The temperature hovered in the low sixties, but we do get spoiled up in Scottsdale. Grateful for his Middle Eastern courtesy, I stepped into a living room furnished with exquisite Persian rugs and high-end electronics. A large plasma television screen tuned to an Arab satellite TV station hung on the wall, while a scattering of Bose speakers, a Metronome Technologie CD player, a Game Boy, a Wii and other toys occupied the ebony entertainment center below. Despite what I had been led to believe, Apache Chemical paid well enough.

In a nearby alcove, three boys of stair-stepped ages played Scrabble at an intricately-carved game table. The smallest, a boy of about eight, had put down
ZOOSPORE
, much to the annoyance of the others. At my entrance, they rose, nodded a polite hello, then resumed their game, but not before the oldest kicked Zoospore Boy’s ankle.

“Kalil?” A beautiful woman wearing an ankle-length
abayah
muted the TV and placed the remote on a rosewood coffee table. This hospitable gesture revealed a greater racket. Thundering down the hallway came an avalanche of traditional Middle Eastern music backed by a dance beat, with the female singer’s voice raised in ululation. Aziza, rocking out to an Egyptian version of Beyoncé?

Dr. Wahab said to the woman, “Quibilah, this woman has a question about Aziza.”

Quibilah Wahab’s hushed beauty came as a welcome relief after the hapless Joleene, but concern filled her dark eyes as she stepped toward us. “Has she done something wrong?”

Halfway through telling her the same thing I’d told her husband, Dr. Wahab interrupted, saying something in Arabic to his wife.

She blinked. “Oh, Kalil, I do not think…”

He interrupted again in more Arabic, and with a chagrined expression, Quibilah hurried out of the room.

Extending a hand toward the crushed velvet sofa, Dr. Wahab said, “Please be comfortable, Miss Jones. I will now view this picture of which you speak.”

When I sat down, I sank several inches into down-filled cushions. After recovering my balance, I rummaged through my carry-all, pulled out a flier, and handed it over. “This is the girl I’m talking about.”

He studied the picture carefully. “I do not know this child.”

“Your daughter might.”

He shook his head. “Aziza knows only those people I wish her to know, and this dead girl, of whom I have heard much, does not belong to that select group.
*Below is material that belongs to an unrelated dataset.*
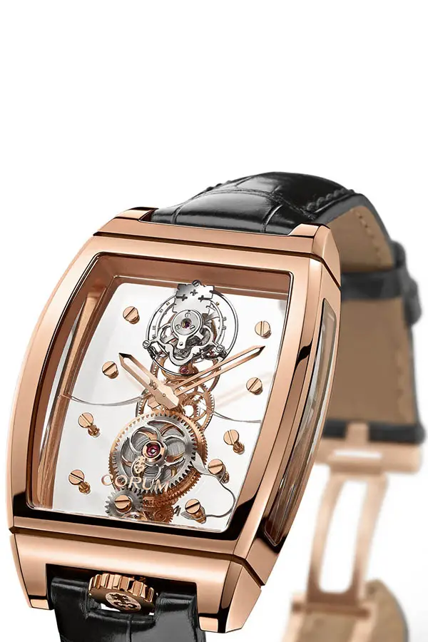 Corum Golden Bridge Tourbillon Panoramique — это не просто часы, а исключительное воплощение инноваций, дизайна и швейцарских часовых традиций, сразу привлекающее внимание ценителей и любителей роскоши.

We Egyptians do not allow our children make their own friends or run loose in the streets to find trouble. We keep them close at home, near our hearts,
and
our eyes and ears!”

Considering the high delinquency rate in the U.S., his was a sensible philosophy, but a disappointing one. “Are you sure she, or even perhaps one of your sons, hasn’t seen the girl around?”

With a grunt, Dr. Wahab took the flier over to the boys, who after a brief look, all shook their heads.